GOAL OF THE EXERCISE: Below are several records. Retype exactly those lines running from the one with "Пользователь может частично" through the one with "Trio de Brincos", end lines included, and no others.

EXTRACTED DATA:

Content starts

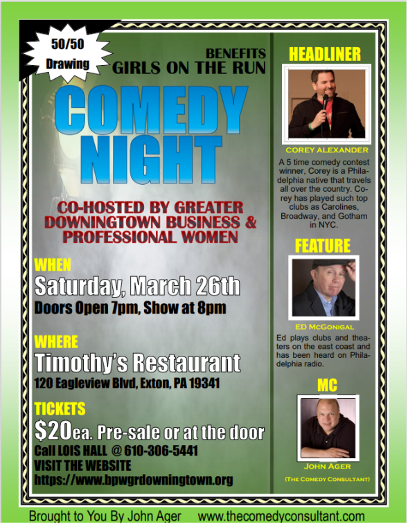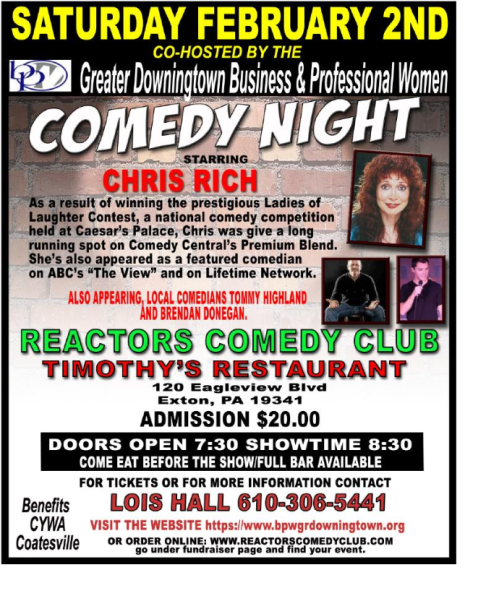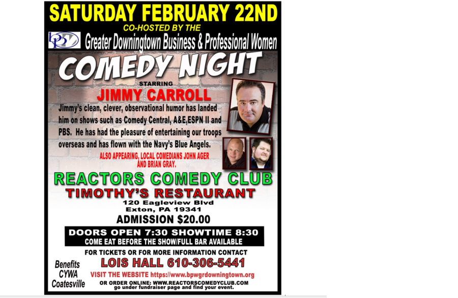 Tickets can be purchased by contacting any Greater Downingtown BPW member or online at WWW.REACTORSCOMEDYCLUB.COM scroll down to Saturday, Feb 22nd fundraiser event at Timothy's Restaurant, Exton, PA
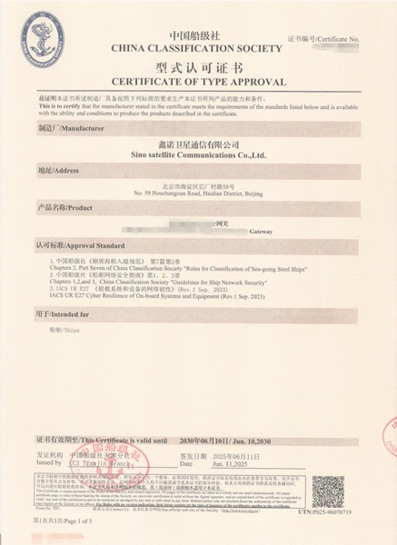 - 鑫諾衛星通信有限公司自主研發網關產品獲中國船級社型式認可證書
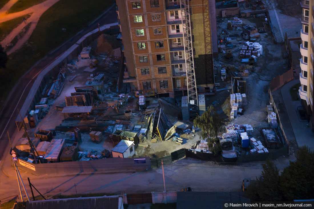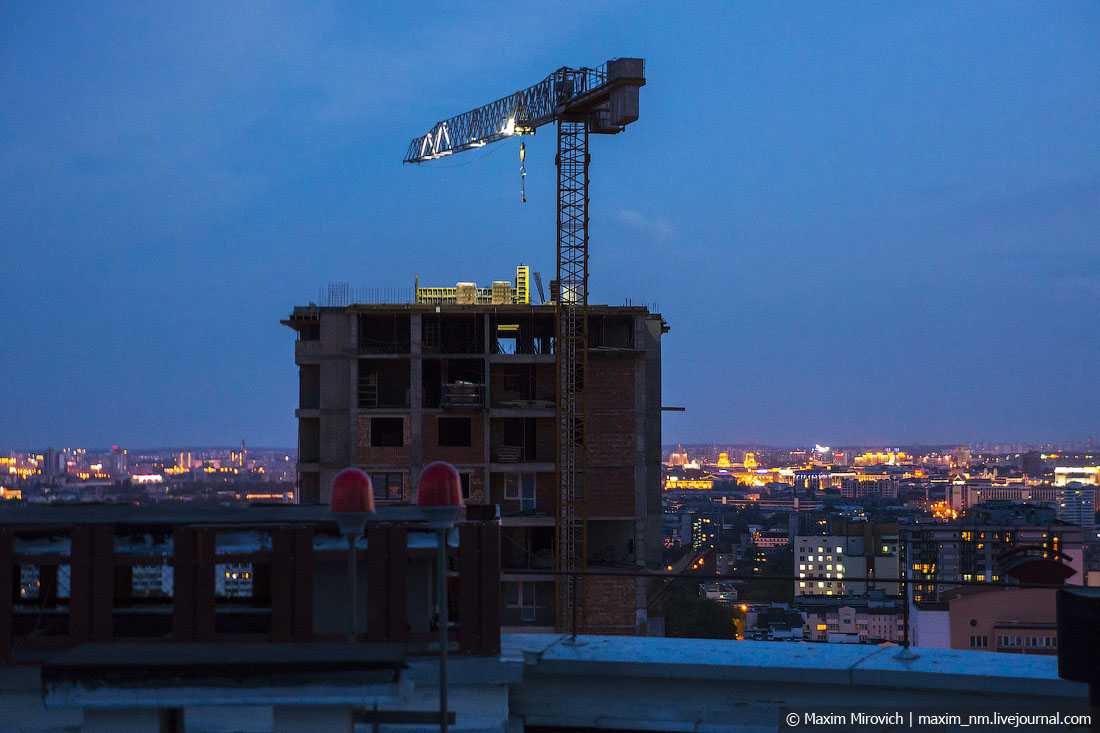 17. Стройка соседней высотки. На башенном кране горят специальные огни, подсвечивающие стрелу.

Content ends
Content starts

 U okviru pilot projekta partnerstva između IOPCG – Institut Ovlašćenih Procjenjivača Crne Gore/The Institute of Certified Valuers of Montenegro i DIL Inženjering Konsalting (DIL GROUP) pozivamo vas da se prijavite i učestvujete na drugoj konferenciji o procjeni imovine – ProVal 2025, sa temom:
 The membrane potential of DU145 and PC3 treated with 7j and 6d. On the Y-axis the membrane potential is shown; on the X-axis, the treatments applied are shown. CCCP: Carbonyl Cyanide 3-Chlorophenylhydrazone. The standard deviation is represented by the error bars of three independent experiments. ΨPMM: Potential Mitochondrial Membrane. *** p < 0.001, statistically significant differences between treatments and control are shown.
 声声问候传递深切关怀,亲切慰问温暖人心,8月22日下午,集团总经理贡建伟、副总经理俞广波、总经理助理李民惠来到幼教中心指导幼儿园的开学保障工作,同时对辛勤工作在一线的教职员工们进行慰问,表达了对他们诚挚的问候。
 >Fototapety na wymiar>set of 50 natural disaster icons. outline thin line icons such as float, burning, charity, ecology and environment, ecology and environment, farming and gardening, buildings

Content ends
Content starts

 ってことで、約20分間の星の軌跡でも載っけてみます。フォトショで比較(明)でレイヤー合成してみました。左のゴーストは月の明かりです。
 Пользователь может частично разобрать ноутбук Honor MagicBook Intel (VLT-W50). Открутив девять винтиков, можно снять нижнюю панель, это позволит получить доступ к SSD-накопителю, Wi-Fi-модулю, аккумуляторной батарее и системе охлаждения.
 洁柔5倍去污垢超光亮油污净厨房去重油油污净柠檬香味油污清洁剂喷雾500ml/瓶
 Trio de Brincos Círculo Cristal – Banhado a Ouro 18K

Content ends

EXPECTED OUTPUT:
 Пользователь может частично разобрать ноутбук Honor MagicBook Intel (VLT-W50). Открутив девять винтиков, можно снять нижнюю панель, это позволит получить доступ к SSD-накопителю, Wi-Fi-модулю, аккумуляторной батарее и системе охлаждения.
 洁柔5倍去污垢超光亮油污净厨房去重油油污净柠檬香味油污清洁剂喷雾500ml/瓶
 Trio de Brincos Círculo Cristal – Banhado a Ouro 18K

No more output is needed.